In Batayneh v. Reunited Clothing, LLC, No. 152829/2025, 2025 WL 2682960 (N.Y. Sup Ct, New York County Sep. 18, 2025), the court, inter alia, granted defendant’s motion to dismiss plaintiff’s promissory estoppel claim.
This decision illustrates the difficulty of asserting common-law claims in the “at will” employment context.
Specifically:
Plaintiff claims Reunited hired her as a production associate in December of 2023. On February 8, 2024, Plaintiff began working remotely due to her pregnancy and, on XX/XX/2024, gave birth. Plaintiff took pregnancy leave and, in September of 2024, informed Defendants that she would return to work on November 1, 2024. While Plaintiff was on leave, her sister, Hilda, who is allegedly a co-founder, part-owner, and Chief Creative Officer of Reunited, accused Kesselman, who is the Chief Executive Officer of Reunited, of committing financial improprieties and fraud. Allegedly, because of Hilda’s accusations, Kesselman told Plaintiff not to return from pregnancy leave. Plaintiff now sues Defendants for retaliation in violation of Labor Law § 740 and alleges promissory estoppel. Defendants move to dismiss. …

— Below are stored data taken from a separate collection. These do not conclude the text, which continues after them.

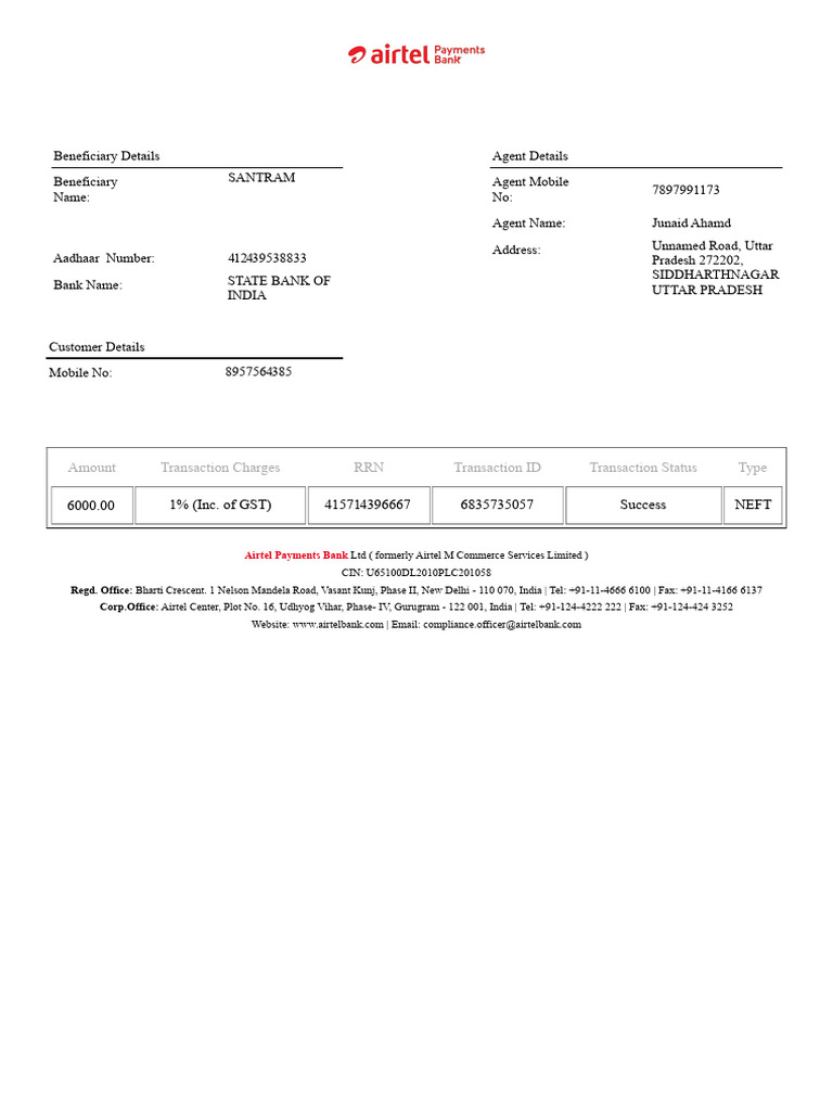 6000.00 1% (Inc. of GST) 415714396667 6835735057 Success NEFT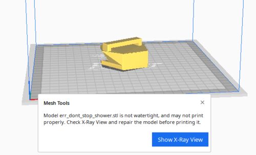 3Dプリンタでちょっと複雑なものも作れるようになったのでBlenderでこんなものを作ろうとしました。 Blender BlenderでSTLファイルをエクスポートしてCuraで開いてみるとエラーが出ます。 Mesh Tools エラー内容 Mesh Tools Model err_dont.stop_shower st i…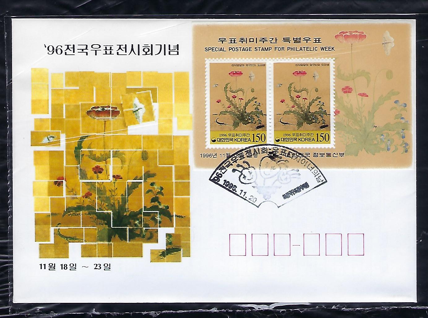 1996년 우표 취미주간 시트 우표 안내 카드 포함 초일 봉투(FDC)
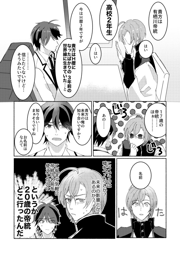 12/18発行の帝幻新刊です。44P/A5/500円予定 なぁなぁな関係の帝幻だったが、突然3年前の世界に生きていた🎲が📚の前に現れる。元の世界に帰る方法を考えようとした📚だが、🎲は帰りたくなさそうで… しぶ▶ pixiv.net/artworks/10343… 🐯▶ ecs.toranoana.jp/joshi/ec/item/… #帝幻本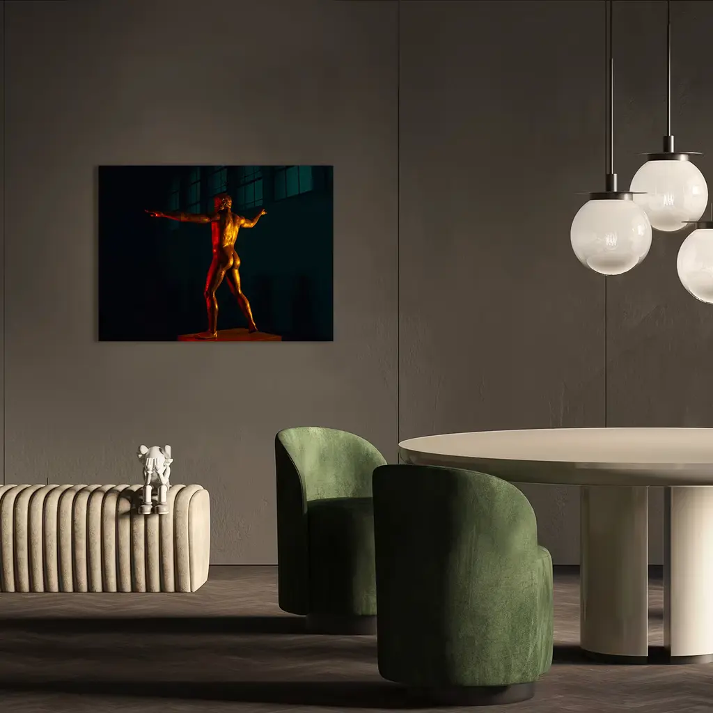 Treasures from the sea is a photographic project portraying the most iconic Ancient Greek bronzes found in the Mediterranean sea in the last century. With the use of the best technology available in contemporary photography, the artist is presenting a new and personal perspective of these treasures of the sea. The lighting set-up is designed to enhance the three-dimensional value of this group of statues and to deliver a theatrical vision of them. Limited Edition of 10. Frame not included.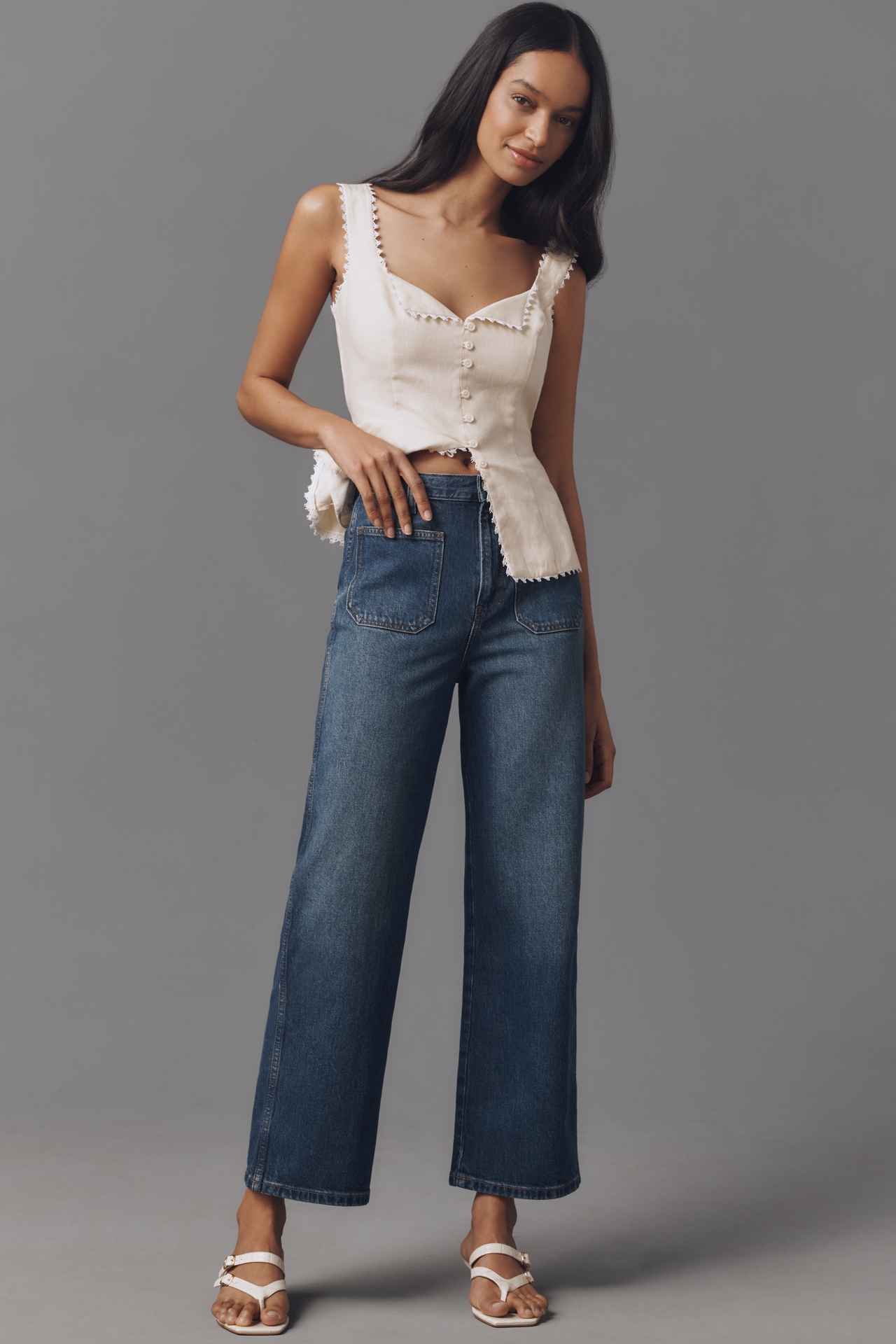 Crafted from denim with stretch, the Reformation Alyssa Jeans feature a high rise, wide leg, and front and back patch pockets.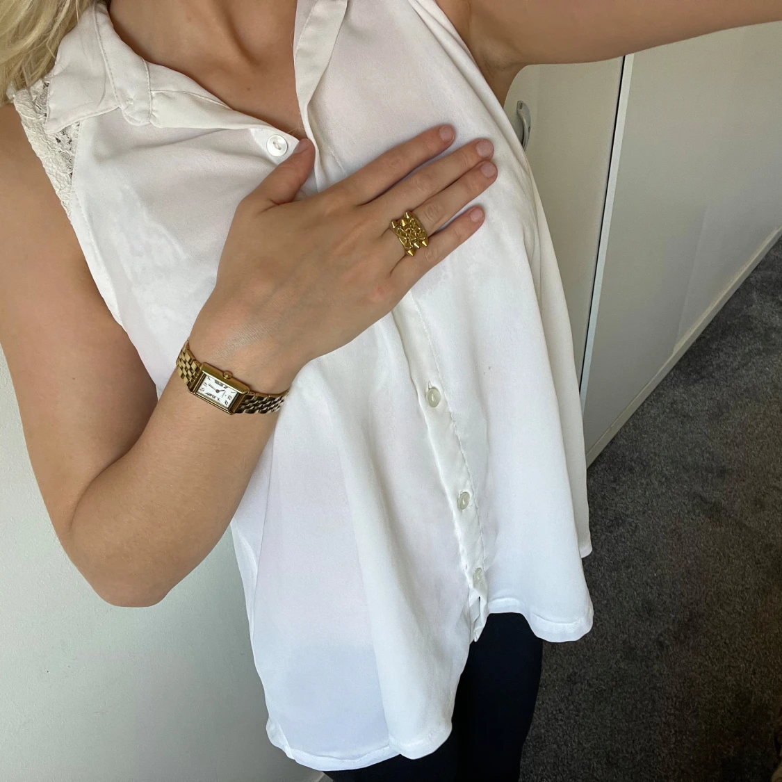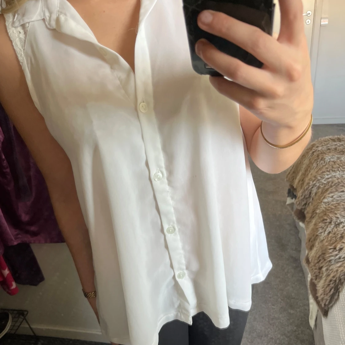 Vit kort armad blus från Kappahl. Stl 158 endast en liten fläck fram som jag kan försöka tvätt bort💕🫶🏻☺️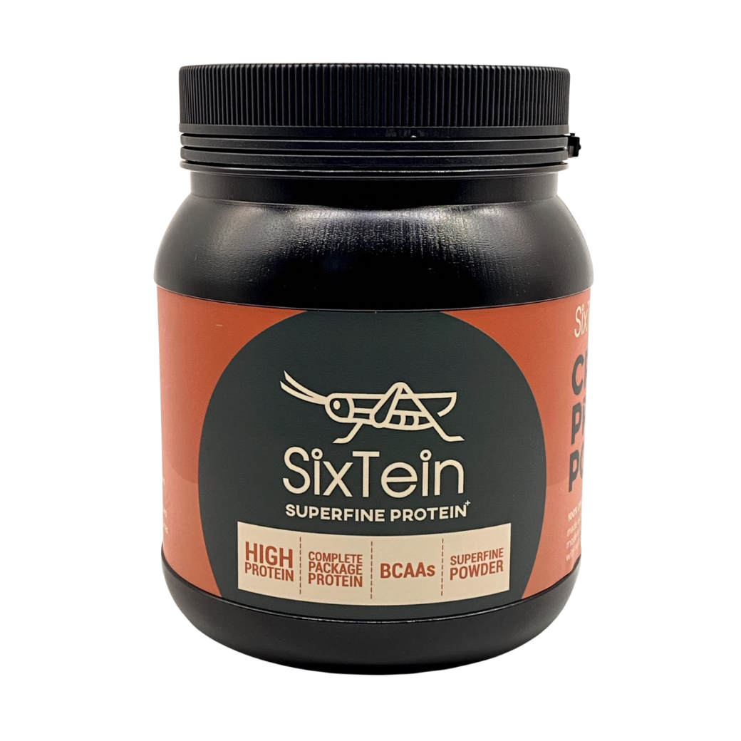 Sixtein® superfine cricket protein powder is a 100% all natural cricket protein powder. It contains over 70% protein content with high BCAAs. It contains Prebiotic fiber, vitamin B12 and riboflavin and biotin and minerals such as zinc, iron, magnesium, and copper.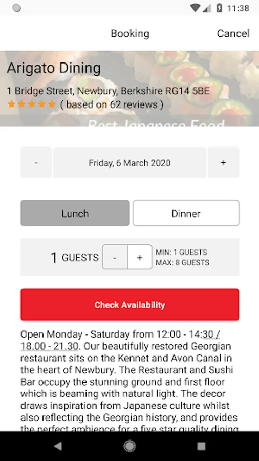 Our beautifully restored Georgian restaurant sits on the Kennet and Avon Canal in the heart of Newbury. The Restaurant and Sushi Bar occupy the stunning ground floor, which is beaming with natural light, making for quality lunch and dinner dining.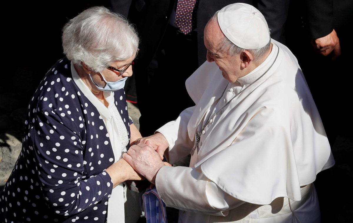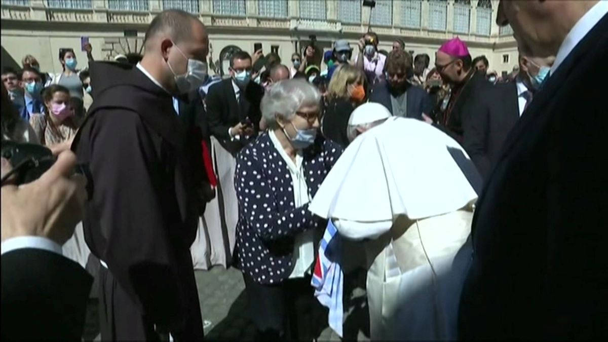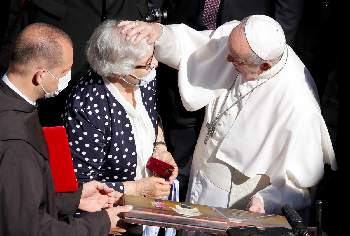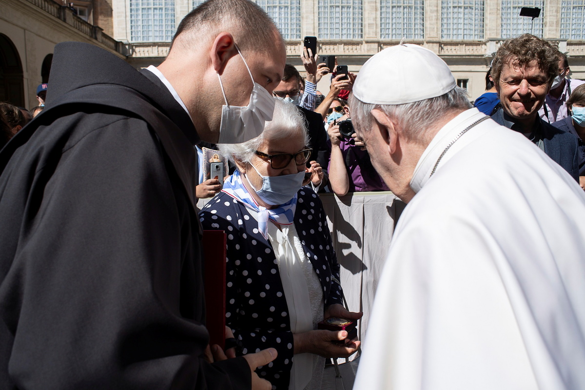 The pope listened intently as a Polish priest who accompanied Lidia Maksymowicz, 80, told him of her story.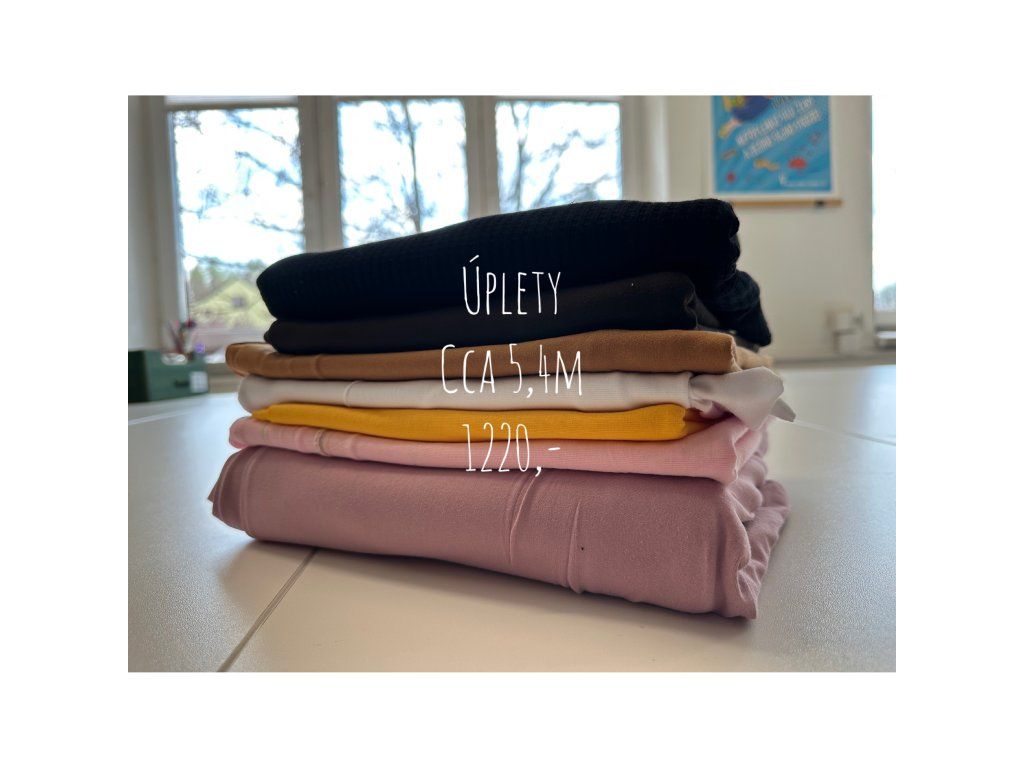 Dobrý den Marcelo, pokud máte na mysli zbytkový balíček s tisky (nahoře úplet s puntíky) tak je okolo 4,5m látek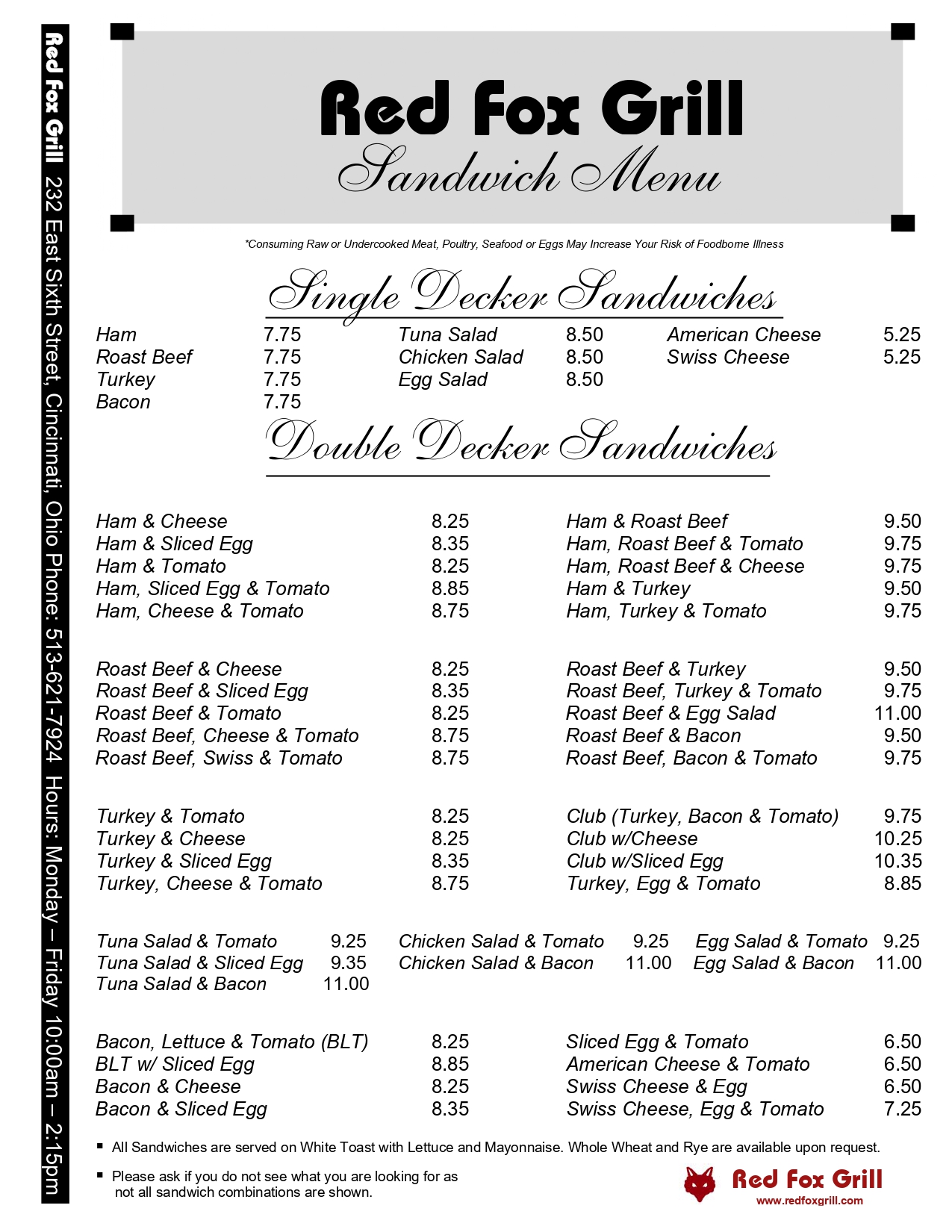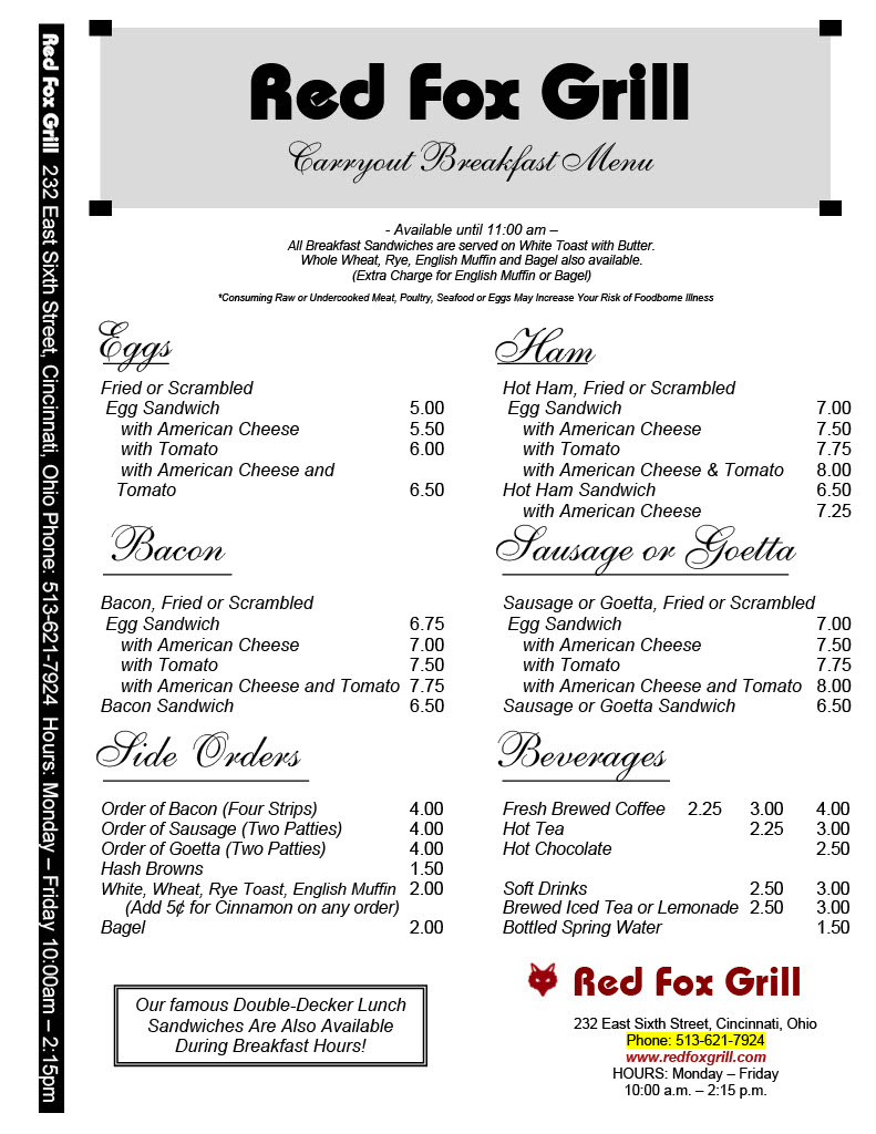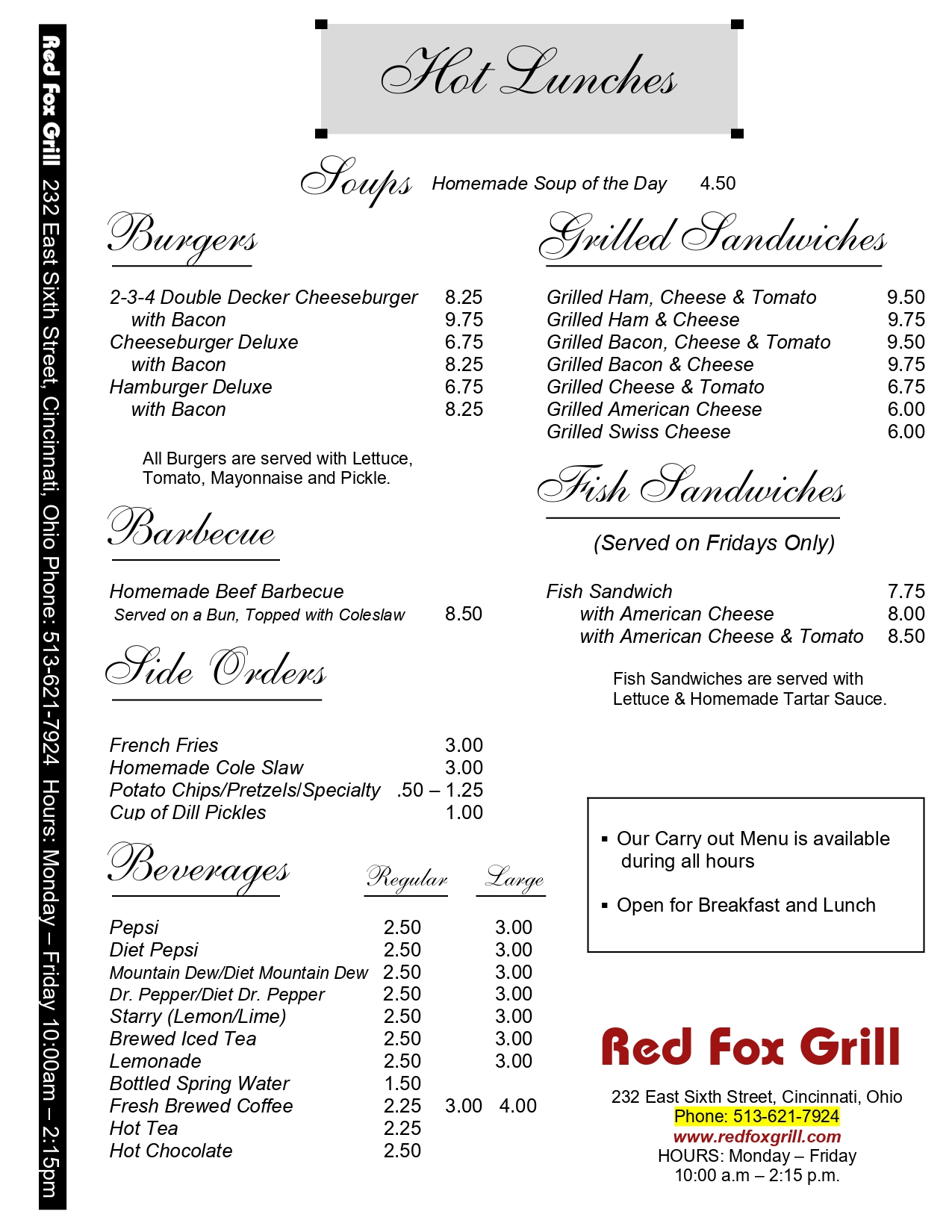 Carry Out Menu Dine In MenuContact Us " Contact Us 513-621-7924 232 East Sixth Street Cincinnati, Ohio Hours MON – FRI10:00am – 2:15pm SAT - SUNWe are closed

To adequately allege promissory estoppel, a party must show (1) a promise that is sufficiently clear and unambiguous; (2) reasonable reliance on the promise by a party; and (3) injury caused by the reliance (see Condor Funding, LLC v 176 Broadway Owners Corp., 147 AD3d 409, 411 [1st Dept 2017]). When an at-will employee is terminated, the employee generally does not have a claim for promissory estoppel because there can be no reasonable reliance as to employment prospects for at-will employees (see, e.g. Presler v Domestic and Foreign Missionary Society of Protestant Episcopal Church in US, 113 AD3d 409, 409 [1st Dept 2014]; Arias v Women in Need, Inc., 274 AD2d 353, 354 [1st Dept 2000]). “[A]bsent an agreement establishing a fixed duration, an employment relationship is presumed to be a hiring at will, terminable at any time by either party” (Gootee v Global Credit Services, LLC, 139 AD3d 551, 553 [1st Dept 2016] quoting Sabetay v Sterling Drug, Inc., 69 NY2d 329, 333 [1987]).
Here, there is no alleged agreement that Plaintiff was employed for a fixed duration, nor are there any specific, non-conclusory, and factual allegations to rebut the employment at-will doctrine. Given Plaintiff’s failure to allege any facts that she was not an at-will employee, she could not have reasonably relied on that her job would remain available for purposes of promissory estoppel. Plaintiff’s argument that there should be discovery prior to any determination that she is an at-will employee ignores her own pleading requirements – namely that she allege her causes of action with factual specificity. In any event, Plaintiff does not need discovery as she should be in possession of sufficient information to allege facts supporting her contention that she was not an at-will employee (see also Holahan v 488 Performance Group, Inc., 140 AD3d 414, 414-15 [1st Dept 2016]).
Based on this, the court held that plaintiff’s promissory estoppel claim is predicated on conclusory allegations without sufficient factual specificity.